Une équipe afghane composée de cinq médecins et spécialistes de l'informatique a déjà reçu une formation sur les rudiments de la télémédecine et a appris à se servir du matériel qui sera bientôt installé à l'hôpital Indira Gandhi de Kaboul.
Dans le cadre de la seconde étape, qui est actuellement en cours, les personnes qui ont reçu une formation appliqueront leurs connaissances pour élaborer un programme de télémédecine dans leur pays, activité qui jouit du soutien du ministère afghan de la santé publique.
Selon M. Braibanti, la coopération dans le domaine de la télémédecine n'est pas à sens unique.
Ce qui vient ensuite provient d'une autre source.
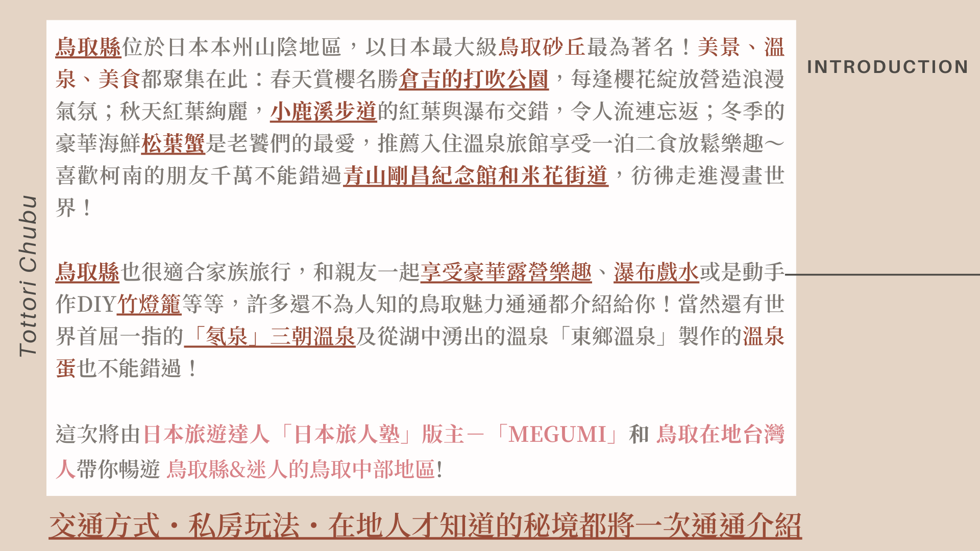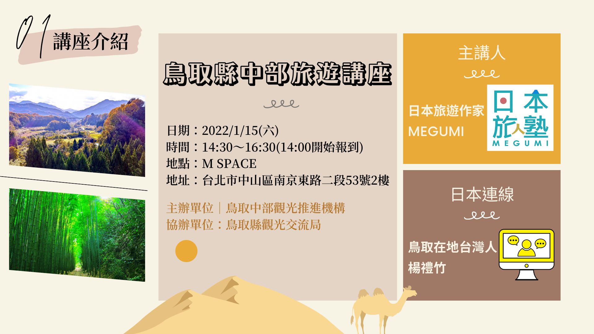 這次將由日本旅遊達人「日本旅人塾」版主-「MEGUMI」和 鳥取在地台灣人帶你暢遊 鳥取縣&迷人的鳥取中部地區!

Les États-Unis et leurs partenaires en tireront aussi des avantages. « Les réseaux de télémédecine dans des zones reculées du monde peuvent(...) signaler, dès leur apparition, des foyers de poliomyélite, de grippe aviaire ou d'autres maladies infectieuses », ce qui peut être important pour la santé publique aux États-Unis.
Les missions médicales destinées aux enfants
L'Agence des États-Unis pour le développement international (USAID) tire aussi parti du progrès technique dans le domaine médical pour améliorer les prestations destinées aux malades dans un état critique qui habitent dans des localités où l'infrastructure médicale est à peu inexistante, a indiqué un haut responsable de cette agence, M. Richard Greene.
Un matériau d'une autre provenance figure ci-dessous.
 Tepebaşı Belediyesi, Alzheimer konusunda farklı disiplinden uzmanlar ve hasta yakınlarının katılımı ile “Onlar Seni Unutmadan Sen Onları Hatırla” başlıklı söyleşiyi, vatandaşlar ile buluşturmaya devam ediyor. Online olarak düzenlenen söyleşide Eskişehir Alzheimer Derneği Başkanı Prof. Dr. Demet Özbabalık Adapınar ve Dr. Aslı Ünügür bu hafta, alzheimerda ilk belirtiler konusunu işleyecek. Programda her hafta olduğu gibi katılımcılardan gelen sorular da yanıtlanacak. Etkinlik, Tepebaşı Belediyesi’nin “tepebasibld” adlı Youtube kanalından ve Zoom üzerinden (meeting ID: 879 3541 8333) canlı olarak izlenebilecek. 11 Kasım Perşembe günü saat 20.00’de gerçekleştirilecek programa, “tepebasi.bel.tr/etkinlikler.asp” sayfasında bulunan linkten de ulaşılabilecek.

Par l'intermédiaire de l'organisme « Medical Missions for Children » (MMC), l'USAID a mis en place un réseau de vidéoconférence par Internet qui permet à des médecins bénévoles de trente hôpitaux des États-Unis d'examiner des enfants malades habitant à l'étranger, de faire un diagnostic et de prescrire un traitement.
En 2003, l'Alliance pour le développement dans le monde (« Global Development Alliance ») de l'USAID a investi un million de dollars en vue d'étendre un réseau de télémédecine en Amérique latine et dans les Antilles. Elle a construit des stations terrestres reliées par satellite en Bolivie, au Brésil, au Guatemala, au Mexique et au Panama afin de permettre à des localités reculées de ces pays de recevoir des émissions d'enseignement médical. Ces stations peuvent enregistrer et retransmettre à la demande près de 120 heures d'enseignement médical provenant de cinq hôpitaux financés par l'USAID.
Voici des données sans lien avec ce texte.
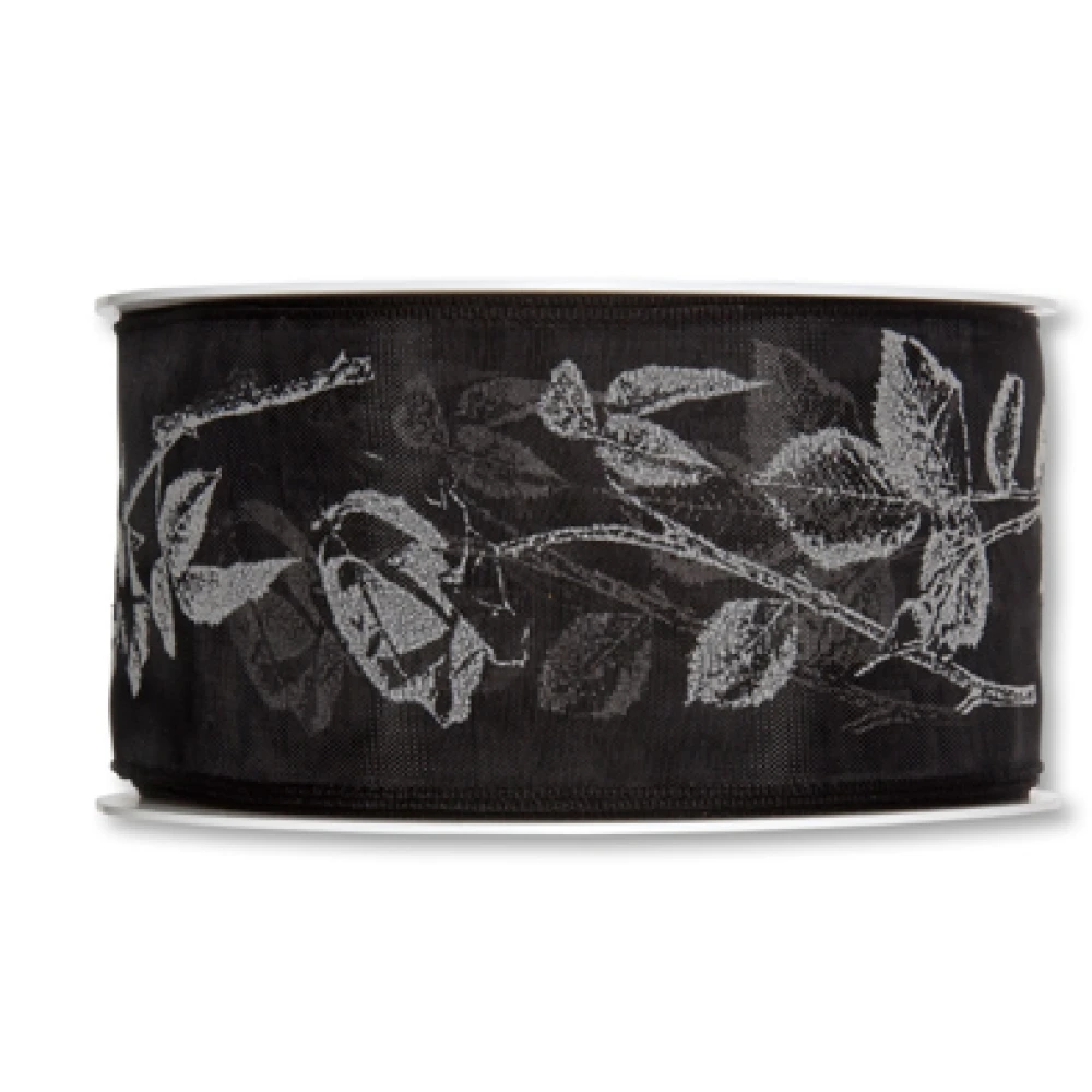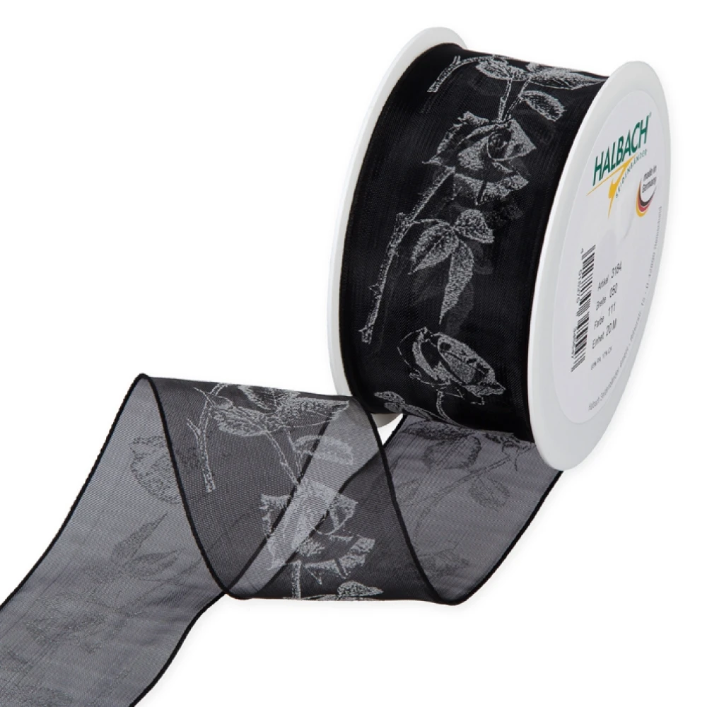 - Smuteční organza s potiskem růží černá tmavá 50mm x 20m

La société internationale de télécommunications Intelsat a donné la bande satellite nécessaire aux dispositifs techniques destinés à permettre l'examen, le diagnostic et la prescription d'un traitement en temps réel et à ajouter un élément éducatif. Pour sa part, la société de vidéoconférence Polycom a fourni du matériel vidéo afin d'étendre le réseau mondial de télémédecine et d'enseignement du MMC.
À l'heure actuelle, près de 600 médecins travaillent à titre bénévole, pendant au moins 12 heures par an, afin d'aider des hôpitaux situés dans des pays en développement à faire un meilleur diagnostic et à mieux soigner les malades.
La chaîne d'enseignement médical de l'Afrique du Sud
En Afrique du Sud, a indiqué M. Greene, l'USAID consacre, dans le cadre du plan d'aide d'urgence à la lutte contre le sida du gouvernement Bush, 3 millions de dollars à l'expansion de la chaîne d'enseignement en matière de santé publique de ce pays. Cette chaîne diffusera par satellite et à titre gratuit un enseignement à l'intention des malades et du personnel soignant des dispensaires et des hôpitaux sud-africains.
Créée dans le cadre d'un partenariat entre le ministère sud-africain de la santé et des entreprises du secteur privé, cette chaîne devrait diffuser ces émissions dans tous les 4.000 centres médicaux de l'Afrique du Sud d'ici à cinq ans et atteindre 97.000 infirmières et 36 millions de Sud-Africains.
Il est possible, a indiqué M. Greene, qu'elle soit étendue un jour au reste de l'Afrique et qu'elle aborde tous les grands problèmes de santé.